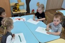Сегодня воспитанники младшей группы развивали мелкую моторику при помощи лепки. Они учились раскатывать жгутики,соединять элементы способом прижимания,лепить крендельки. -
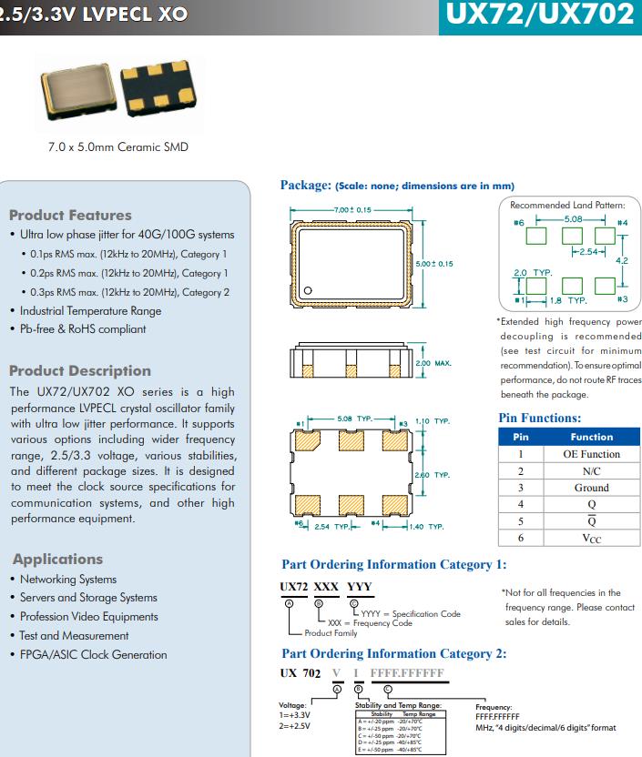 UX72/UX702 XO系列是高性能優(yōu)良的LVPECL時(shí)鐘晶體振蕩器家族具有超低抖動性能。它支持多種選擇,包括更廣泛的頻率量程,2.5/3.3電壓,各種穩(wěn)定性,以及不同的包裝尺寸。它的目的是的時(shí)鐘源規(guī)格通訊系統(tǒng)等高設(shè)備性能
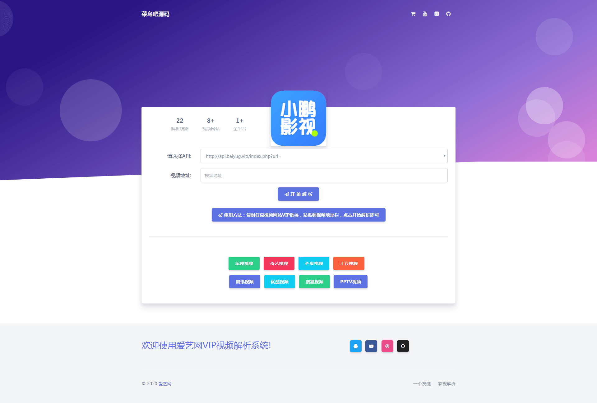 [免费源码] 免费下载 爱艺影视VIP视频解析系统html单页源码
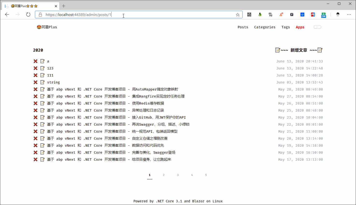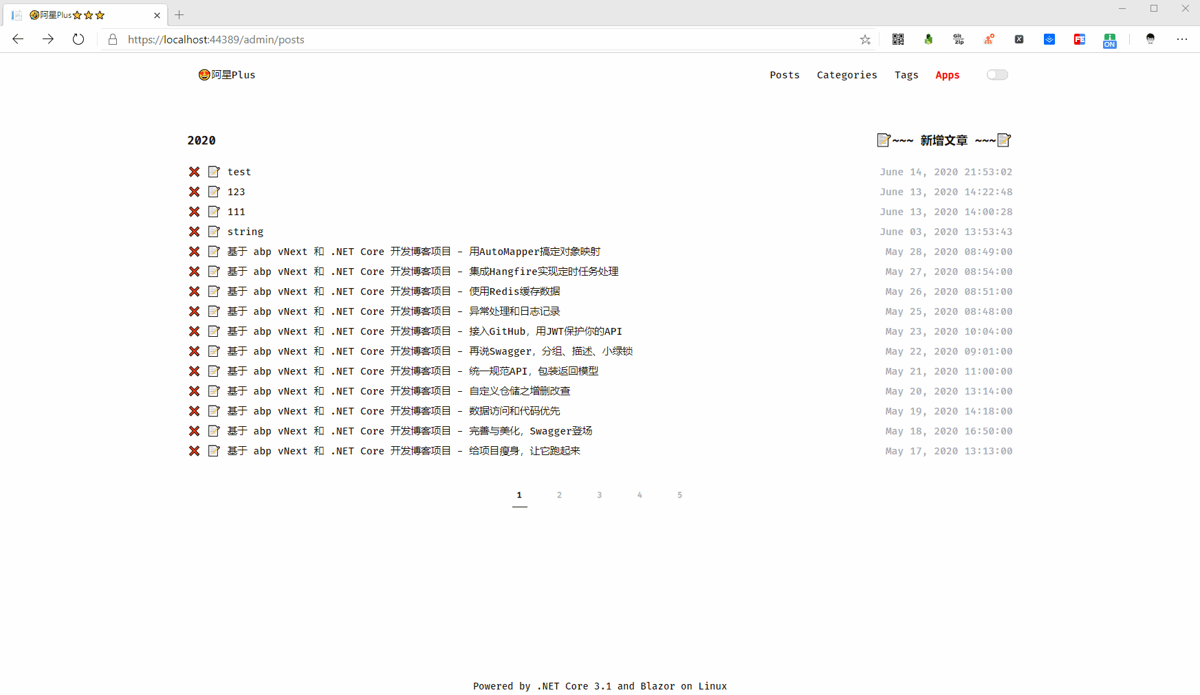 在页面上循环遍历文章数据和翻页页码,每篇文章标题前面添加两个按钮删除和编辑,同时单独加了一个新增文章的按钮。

---

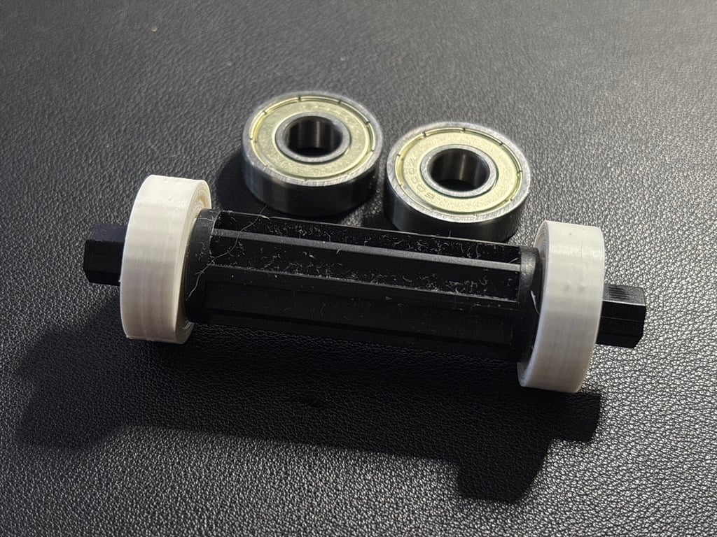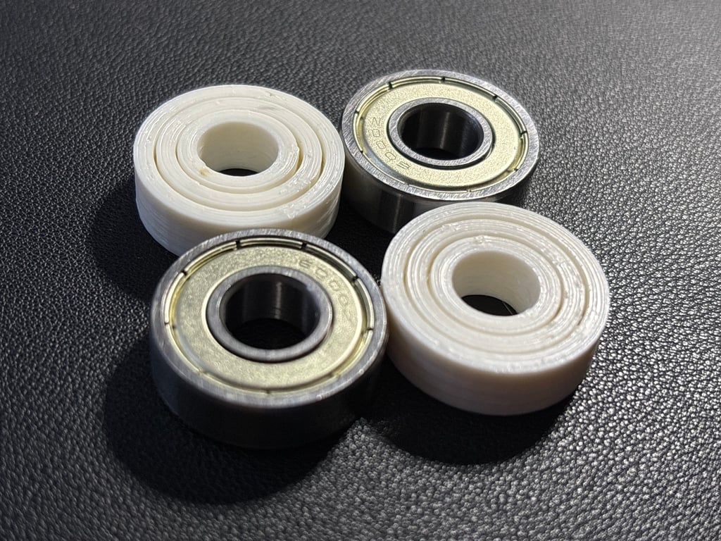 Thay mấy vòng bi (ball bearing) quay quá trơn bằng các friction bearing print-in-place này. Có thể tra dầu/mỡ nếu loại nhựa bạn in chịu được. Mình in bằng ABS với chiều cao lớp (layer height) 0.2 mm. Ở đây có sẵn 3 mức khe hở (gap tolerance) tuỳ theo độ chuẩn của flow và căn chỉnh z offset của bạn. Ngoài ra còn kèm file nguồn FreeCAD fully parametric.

* * *

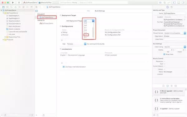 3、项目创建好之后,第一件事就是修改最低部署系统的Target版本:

__WHAT NEEDS TO BE DONE__.
Return exactly the lines that appear in the data above between the line containing "UX72/UX702 XO系" and the line containing "在页面上循环遍历文章数据和翻", both of which are included, and leave the pictures out.

__RESPONSE BOX__.
 UX72/UX702 XO系列是高性能優(yōu)良的LVPECL時(shí)鐘晶體振蕩器家族具有超低抖動性能。它支持多種選擇,包括更廣泛的頻率量程,2.5/3.3電壓,各種穩(wěn)定性,以及不同的包裝尺寸。它的目的是的時(shí)鐘源規(guī)格通訊系統(tǒng)等高設(shè)備性能
 [免费源码] 免费下载 爱艺影视VIP视频解析系统html单页源码
 在页面上循环遍历文章数据和翻页页码,每篇文章标题前面添加两个按钮删除和编辑,同时单独加了一个新增文章的按钮。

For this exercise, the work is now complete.